Newer Formulation of Heparin Appears to be Agent of Choice for Treating Heart Attack
CHICAGO -- The largest trial to date evaluating the use of either the low molecular weight heparin (LMWH) enoxaparin or unfractionated heparin (UFH) in combination with a platelet receptor blocker (IIb/IIIa inhibitor) and aspirin for patients with acute heart damage was presented today (April 1,2003) at the 52nd annual scientific sessions of the American College of Cardiology.
The trial was co-directed by cardiologists from the Duke Clinical Research Institute and the TIMI (Thrombolysis In Myocardial Infarction) research group and funded by Merck and Company. The presentation today highlighted the efficacy and safety results.
When heart attack patients are rushed to the emergency room, physicians immediately try to restore blood flow to the heart, often by giving medications that dissolve clots or limit further clotting in the coronary arteries. Since no single drug has been totally effective in opening clogged arteries and keeping them open, researchers have tried different combinations of agents.
The combination of a IIb/IIIa inhibitor, like tirofiban which was used in this trial, with UFH is recommended in patients who present with symptoms and signs of heart damage that meet criteria for what is called an acute coronary syndrome. Previous smaller trials have demonstrated advantages for the combination of LMWHs with IIb/IIIa inhibitors and aspirin in such patients. The current trial is the largest to test the two forms of heparins, enrolling almost 4,000 patients from 40 countries.
The results presented today cover the first phase of a two-part trial. In this A phase, all patients were treated with tirofiban (Aggrastat) and aspirin and randomized to either enoxaparin or UFH. Treatment was limited to 120 hours and patients were followed for 30 days. The second Z phase of the trial is examining one of two dosing regimens for simvastatin (Zocor), a lipid-lowering agent, and is nearing completion. The trial is dubbed Aggrastat to Zocor or A to Z.
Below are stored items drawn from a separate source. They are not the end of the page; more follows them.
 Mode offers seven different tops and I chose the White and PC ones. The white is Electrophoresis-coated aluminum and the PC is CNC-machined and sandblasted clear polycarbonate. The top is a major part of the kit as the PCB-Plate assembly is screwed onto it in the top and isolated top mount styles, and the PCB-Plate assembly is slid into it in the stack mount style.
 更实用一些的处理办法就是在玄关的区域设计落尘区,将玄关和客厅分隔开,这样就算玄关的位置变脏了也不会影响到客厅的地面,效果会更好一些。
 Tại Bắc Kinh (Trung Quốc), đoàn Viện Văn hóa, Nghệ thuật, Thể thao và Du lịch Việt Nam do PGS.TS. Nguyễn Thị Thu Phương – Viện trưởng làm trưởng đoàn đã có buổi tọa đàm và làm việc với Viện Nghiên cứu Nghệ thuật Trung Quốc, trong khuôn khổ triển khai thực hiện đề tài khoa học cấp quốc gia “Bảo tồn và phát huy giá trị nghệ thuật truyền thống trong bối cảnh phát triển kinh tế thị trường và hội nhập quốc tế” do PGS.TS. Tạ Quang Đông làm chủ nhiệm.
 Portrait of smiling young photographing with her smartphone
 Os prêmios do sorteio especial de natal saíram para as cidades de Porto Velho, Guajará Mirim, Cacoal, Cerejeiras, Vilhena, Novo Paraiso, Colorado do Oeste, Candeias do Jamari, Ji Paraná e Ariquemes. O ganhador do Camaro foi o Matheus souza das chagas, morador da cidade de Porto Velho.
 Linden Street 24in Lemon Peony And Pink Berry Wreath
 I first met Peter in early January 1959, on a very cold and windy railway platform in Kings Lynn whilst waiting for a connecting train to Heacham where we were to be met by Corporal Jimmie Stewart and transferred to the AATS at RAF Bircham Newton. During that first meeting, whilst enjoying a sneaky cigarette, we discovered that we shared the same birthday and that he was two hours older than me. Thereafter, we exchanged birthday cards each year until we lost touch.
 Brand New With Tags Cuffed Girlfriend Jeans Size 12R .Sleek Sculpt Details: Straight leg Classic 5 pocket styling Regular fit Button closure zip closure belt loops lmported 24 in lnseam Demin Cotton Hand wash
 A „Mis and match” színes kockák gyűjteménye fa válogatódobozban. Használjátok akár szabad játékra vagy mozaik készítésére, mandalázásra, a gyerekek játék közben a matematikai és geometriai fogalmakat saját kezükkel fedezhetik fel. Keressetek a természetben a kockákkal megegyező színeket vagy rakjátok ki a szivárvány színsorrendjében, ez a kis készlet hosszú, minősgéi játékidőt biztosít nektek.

The primary measure for the A phase was a composite endpoint that included death, heart attack and refractory ischemia (additional electrocardiogram or chemical changes) within seven days of randomization. The researchers found that 169 patients (8.5 percent) receiving enoxaparin reached the composite endpoint, compared with 184 patients (9.5 percent) in the UFH arm. This 1 percent absolute and 12 percent relative benefit for enoxaparin was evident after five days and did not change for the remainder of the trial.
"These effects were observed over a wide spectrum of patients with acute heart damage, attesting to the general usefulness of low molecular weight heparins," said Eugene Braunwald, M.D., of the TIMI group at Harvard, co-chair of the study.
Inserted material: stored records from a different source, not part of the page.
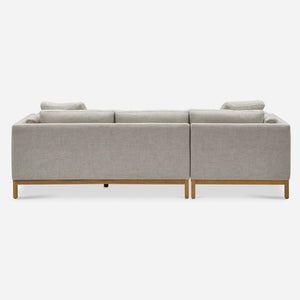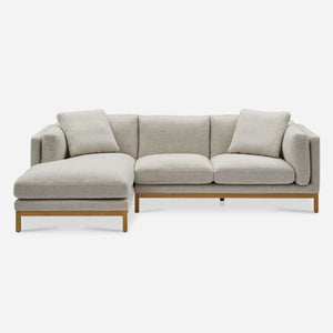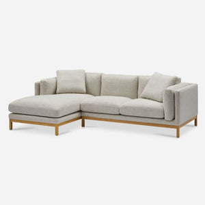 Features wood frame with plush cushions and a right chaise.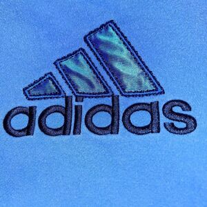 This blue Adidas hoodie is perfect for boys size 4T. It features a pullover closure, long sleeves, classic Adidas stripes, and an embroidered design on the front and embroidered “Hoops” down the sleeve. The hood adds an extra touch of style, making it a great addition to any kid's wardrobe.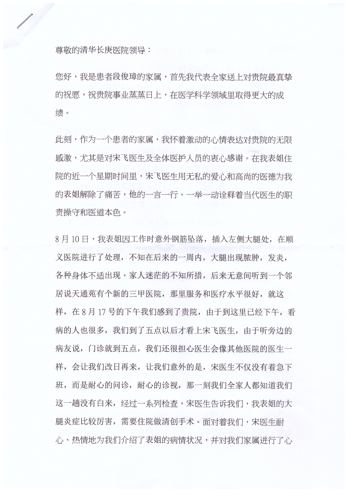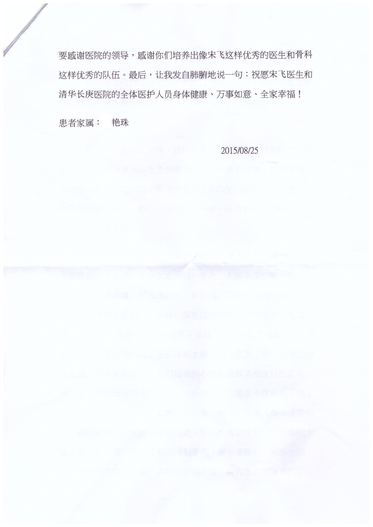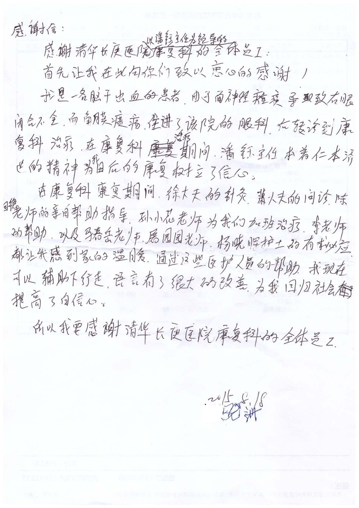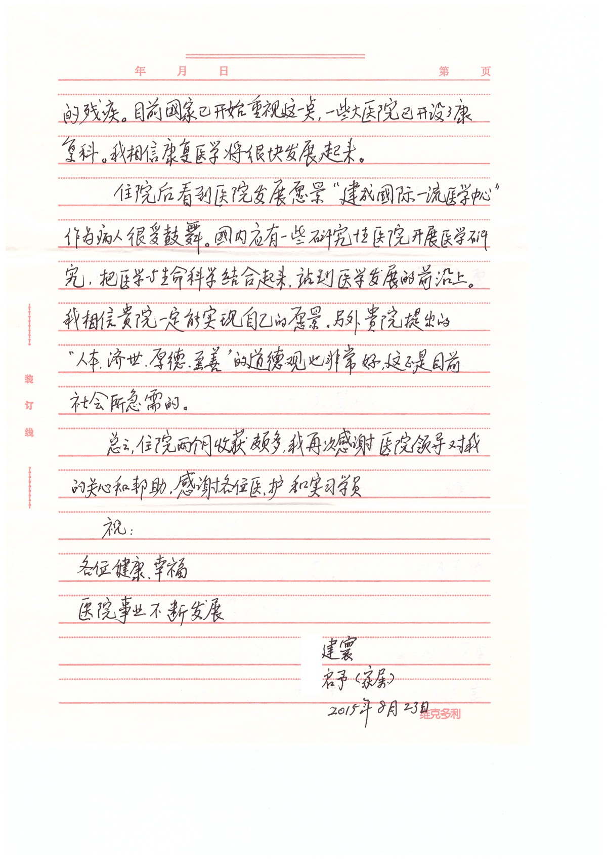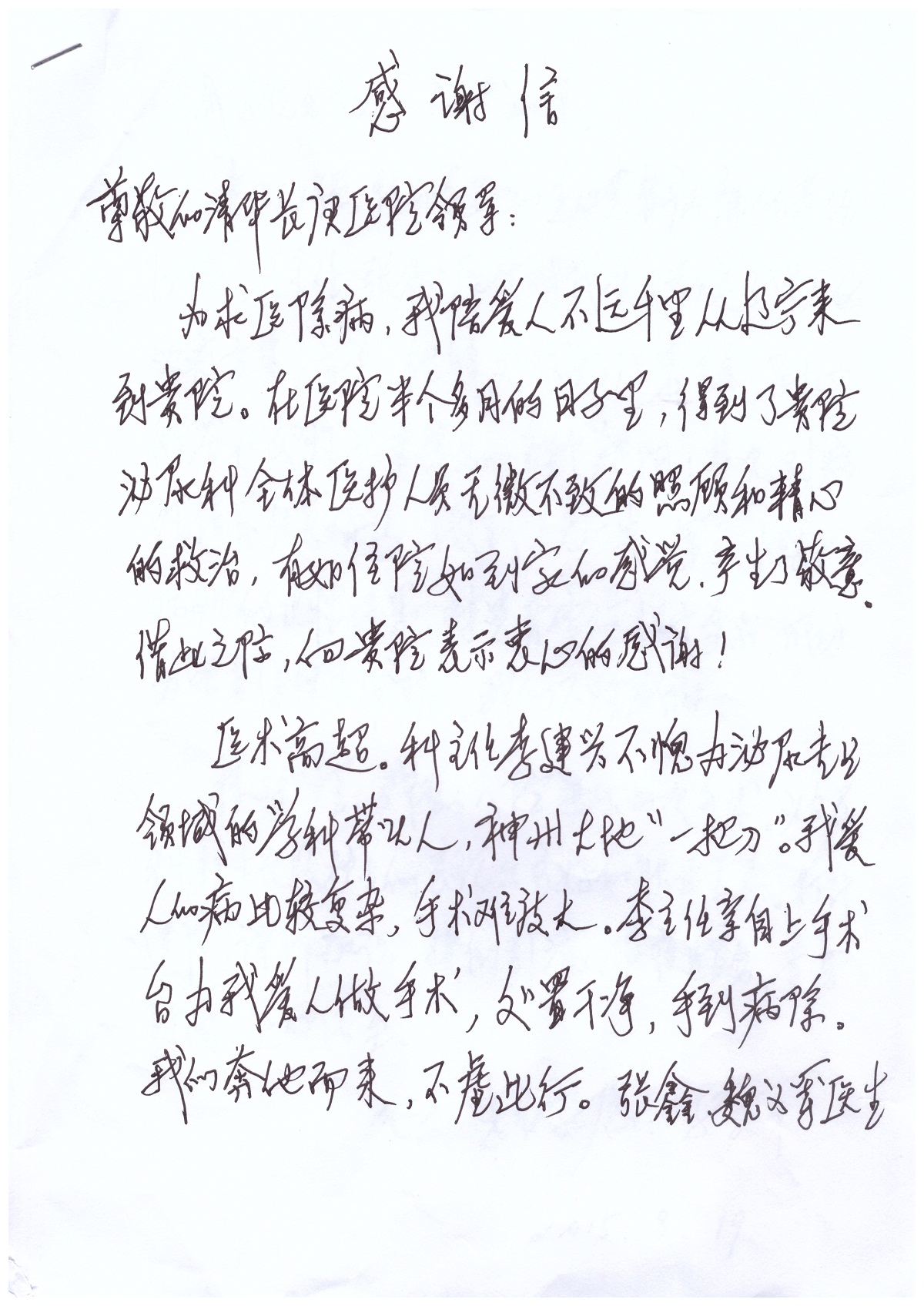 2015年8月,我院共接到患者及家属感谢信23封、锦旗4面,其中妇产科廖秦平主任、张蕾副主任医师、刘瑛医师,泌尿外科李建兴主任、张鑫副主任医师、魏义医师,神经外科王贵怀主任、杨世伟医师,肾脏内科李月红主任、王燕婴医师,消化内科相马宁主任医师、任渝棠医师,眼科胡运韬主任,儿科季丽娜副主任医师,心脏内科缪国斌副主任医师,普外科蔺宏伟副主任医师、孙孝文医师,骨科宋飞医师,ICU李灏医师,血液内科于凡医师,整形外科田金翌医师,康复医学科潘钰主任、萧演清医师、徐泉医师、陈固稳治疗师、孙小花治疗师、尹航治疗师、马春岳治疗师、李颜杝治疗师、屠媛媛治疗师,医事处陈佳欣,护理部王钰宁护师、李娜护师、辛扬眉护师、程美玲护师、侯多朵护师、孔君君护师、于小梅护师、宋辉辉护师、张慧文护师、方玲护师、吴琼护师、许平平护师、孙洁护士、齐甜甜护士、杨晓辉护士、李亚灵护士、覃丽妮护师、郝萍护士、田静静护士、荆红英护士、刘淼护士、谢兰兰护士、曹齐菲护士、李亚灵护士、谢娟娟护士、林景熠护士、季静护士、代海栾护士及ICU、6B、7A、7B病房全体护理人员收到具名表扬。特此公告,以资鼓励!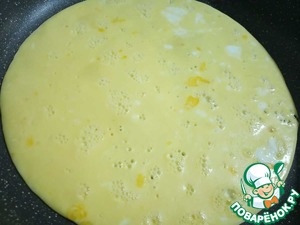• Сковороду слегка прогреваем, можно как бы протереть салфеткой, смоченной в растительном масле, но не наливать масло в сковороду. Наливаем нашу яичную массу и выпекаем под крышкой, на очень медленном огне блинчик. Когда верх тоже схватится, мы не переворачиваем, а просто выкладываем на блюдо. С оставшимися молоком и яйцами выпекаем второй "блинчик".

According to Duke's Michael Blazing, M.D., who presented the study, "The most remarkable and encouraging aspect of the trial was the low overall bleeding and transfusion rates which render the borderline statistically significant difference in bleeding into a finding that has minimal clinical consequence."
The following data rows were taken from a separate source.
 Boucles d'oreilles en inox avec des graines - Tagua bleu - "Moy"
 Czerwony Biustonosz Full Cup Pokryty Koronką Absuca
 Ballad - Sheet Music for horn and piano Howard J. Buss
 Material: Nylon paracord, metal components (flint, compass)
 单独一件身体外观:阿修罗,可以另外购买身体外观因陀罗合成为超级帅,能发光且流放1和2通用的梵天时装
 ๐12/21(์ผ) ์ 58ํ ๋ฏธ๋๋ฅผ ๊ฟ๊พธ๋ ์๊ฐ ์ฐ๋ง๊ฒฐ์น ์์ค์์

The overall bleeding rate was 3.1 percent for enoxaparin patients and 2.2 percent for UFH patients. Importantly, only 0.9 percent of the enoxaparin patients and 0.4 percent of the UFH patients had major bleeding events. The transfusion rate was 1 percent in the enoxaparin arm and 0.8 percent in the UFH arm.
Finally, the researchers presented a meta analysis of data from three other large trials that have compared enoxaparin and UFH. They used this analysis to demonstrate that the findings from A to Z were consistent with and reinforce the finding of a favorable effect on clinical outcomes with the use of enoxaparin in patients who present with acute coronary syndromes.
They concluded that for such patients, treatment with tirofiban and aspirin in combination with enoxaparin is non-inferior to UFH for prevention of major cardiac events. They also concluded that there is a trend towards more major bleeding with enoxaparin, but the most encouraging finding was the low overall bleed rate.
As a final statement, Duke's Robert Califf, M.D., co-chair of the study, said, "Given the previous findings and now the data from A to Z, it is clear enoxaparin is at least equal to if not better than UFH for acute coronary syndromes, and it is certainly easier to use. Why would you use a drug that is more difficult to give if it is no better?"